Ortaya çıkanlar bize gösteriyor ki aslında hiç başlamamış.
Bu örgütün askeri okullar ile başlayan sonrasında emniyet ve diğer devlet kurumlarına sızan kripto mahrem örgütü ile ne devletin kurumlarının ne de Ak Parti’nin herhangi ilişkisi hiç olmamış.
Bu alçaklar bir tek gün bile hiç kimseye güvenmemişler.
Hadi örgütlenmeye başladıkları 70’li yıllar Türkiye’sinde kripto mahrem bir örgütlenmeye zorunlu hissedecekleri bir ortam vardı. Hadi darbe sonrasındaki Türkiye’nin 80’li yıllarında da kendilerini rahat hissetmediler. Hadi 28 Şubat rüzgarlarının teslim aldığı dönemde de kendilerini güvende hissetmediler.
Bugün geldiğimiz nokta bize gösteriyor ki, kendilerini hiçbir zaman açık bir teşkilat olarak ifade etmemişler.
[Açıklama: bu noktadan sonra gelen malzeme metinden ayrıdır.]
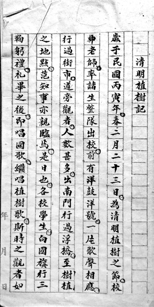 岁于民国丙寅年,春二月二十三日,为清明植树之节。校中老师,率诸生整队出校,前有洋鼓洋号,一片歌声相随。行过街市,道旁观者,人数甚多。出南门行过浮桥,至植树之地点,范知事亦亲临焉。是日也,各校学生,向国旗行三鞠躬礼,礼毕之后,即唱国歌,继唱植树歌。斯时之观者如堵墙。是植树洵国家之大典,予于回后,遂为之记。

Özellikle de 2007-2012 yılları arasında, devletin teşkilatlarını geniş bir şekilde kontrol ettikleri anlaşılıyor. Hatta bazı kurumları neredeyse kurtarılmış bölge haline getirdiklerini görüyoruz.
Özellikle yargı ve güvenlik bürokrasisinde, iş hayatında eğitimde çok yaygın bir teşkilat olduğu görülüyor.
FETÖ’nün eksenini oluşturan mahrem hiyerarşi hiçbir zaman etkisini ve işlerliğini azaltmıyor.
Mahrem bir hiyerarşik düzene niye ihtiyaç duyulur? Formel yani açık düzene yeteri kadar güven duyulmadığı ve açık sistemin kendileri tehlike oluşturduğu zamanlarda korunmak için değil mi?
Bu örgüt mahrem hiyerarşisinin hiçbir zaman işlerliğini askıya almadığına göre, demek ki hiçbir zaman tam güven duydukları bir ortam oluşmamış.
Eğer AK Parti ile ilişkilerinin zirve yaptığı dönemlerde bile en küçük bir güven duysalar, ayrıca mahrem bir hiyerarşik düzeni işler halde tutmalarına gerek kalır mıydı?
Bir grupla gerçek bir iş birliği içinde olsanız, gerçek bir iş birliği olan ortamda, bir taraf ayrıca paralel ve gizli bir örgütlenme ihtiyacı duyar mı?
Demek ki FETÖ denilen bu örgüt, hiç bir dönemde AK Parti’ye güvenmemiş ve kendini güvende hissetmemiş.
AK Parti öncesinde, hatta kuruluş yıllarında iş birliği yaptığı karanlık örgütlerle ilişkilerinin derinliği neydi onu tam bilemiyoruz. Bu kirli örgütü karanlık odakların programlandığı konusu hiç tereddüt edilmeyecek kadar net. Ancak o karanlık odaklara karşı da mahrem ve karanlık odakların erişimine kapalı bir hiyerarşik düzen kurulmuş mudur? Hiç sanmıyorum. Muhtemelen örgütü programlayanlar, programın tüm kodlarını da ellerinde tutuyordu.
Ancak AK Parti iktidarları döneminde, yer üstündeki formel sistem hükümetle ilişki kurarken, diğer yandan yer altındaki karanlık yapı alternatif bir hiyerarşik düzen olarak varlığını sürdürmüş.
Süreç içinde kazandıkları özgüven ile hükümeti devirmek için fırsat kollamışlar ve fırsatı bulduklarını düşündüklerinde de harekete geçmişler.
FETÖ iltisakı için bahsi geçen milatlar konusu başka bir konudur.
Ancak ortaya çıkan olaylar gösteriyor ki, FETÖ mahrem hiyerarşisi ile AK Parti arasında hiç bir zaman bir bağ kurulmamıştır.